Sometimes my hands and fingers ache. And then there’s the natural hazard of pine needle weaving: the needles’ propensity to break into tiny slivers that slip under tender skin. I’ve become an expert at splinter removal.
My family complains. Everywhere they sit pine needles poke through pillows and cushions. The needles weave themselves into the carpet and attach themselves to clothes.
But for me working with pine needles is a meditation, from picking up the fallen needles to stitching, hour after hour, day after day, week after week until after 50 to 100 hours I have something I feel is complete.
Sometimes I sell my baskets. I’m now in a cooperative gallery in Savannah. I watch people come in and walk past my work. Sometimes they’ll stop to look, and sometimes someone is moved enough to buy a piece.
I’ve been a writer for most of my adult life first as a reporter, then a feature writer, and now, almost exclusively, as an essayist.

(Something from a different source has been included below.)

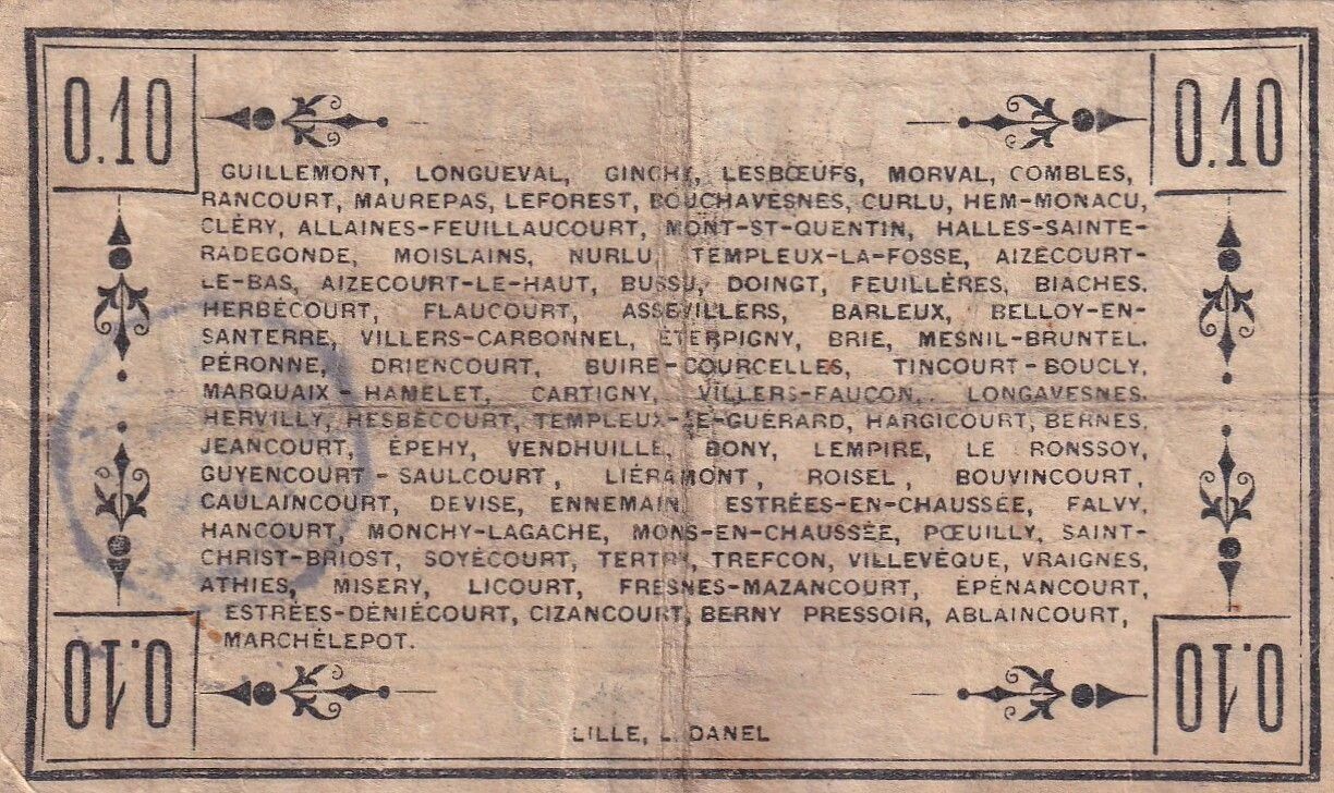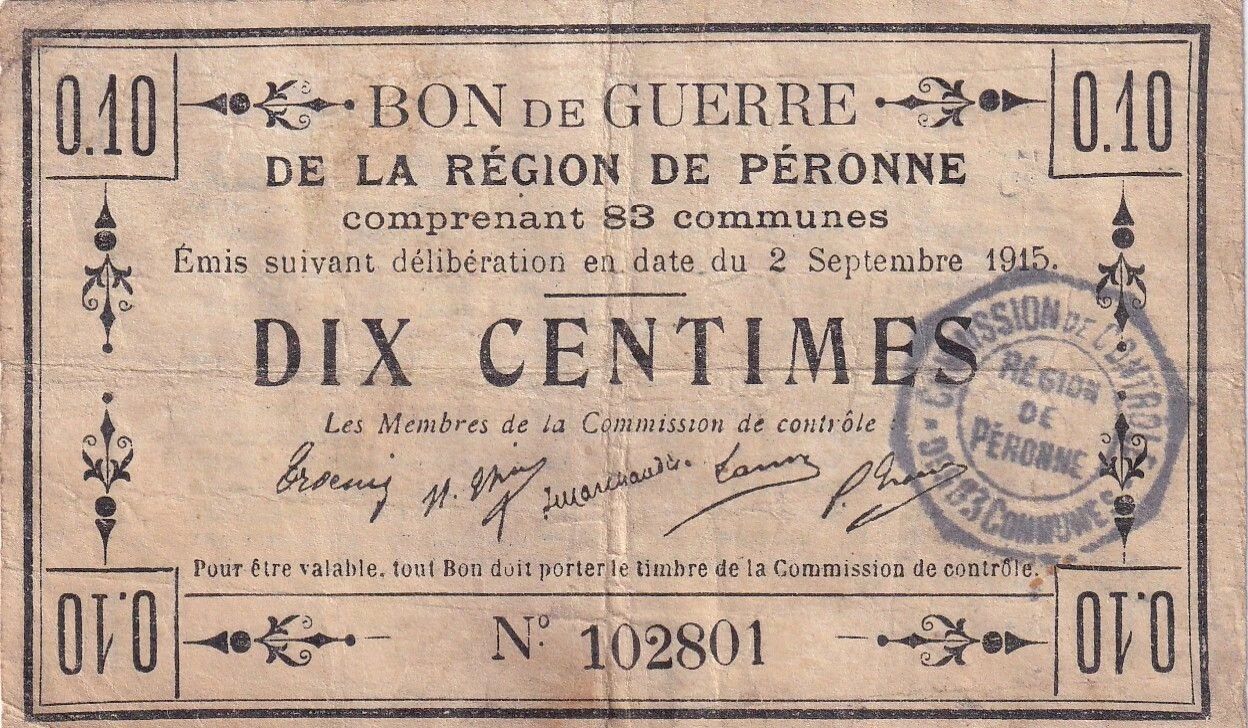 This note, issued in France, represents a war bond from the city of Péronne, dated September 2, 1915. Its face value is 10 centimes.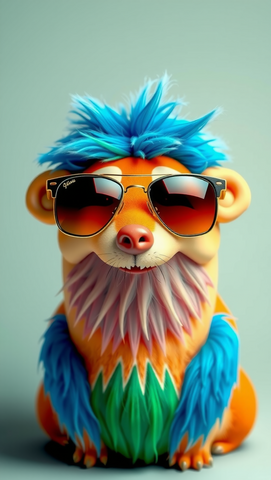 Meg's Description: image of a kawaii furry hot dog creature with nipple hair. The background should be simple and clean. The colors are Tangerine Orange, Emerald Green, Cobalt Blue. The hotdog snotnose should have a big grin on its face and should be wearing sunglasses that match the color scheme. Its body is hairy, but it has tufts of hair around its nipples.I want the creature to be the star, so dont include any other elements besides what I described.

I’m not surprised that weaving also has become important in my life. The parallels are obvious.
I wanted to write about these parallels and how both writing and weaving move in and out of my life but I couldn’t do it. The words, the story, weren’t coming together.
There was a time when I’d fight with my writing like an obstinate teenager. I’d struggle with the words, trying to shape them to my will. But weaving has helped me slow down and to trust the process. I know that the other story I want to write will come. Today, however, it had somewhere else to go.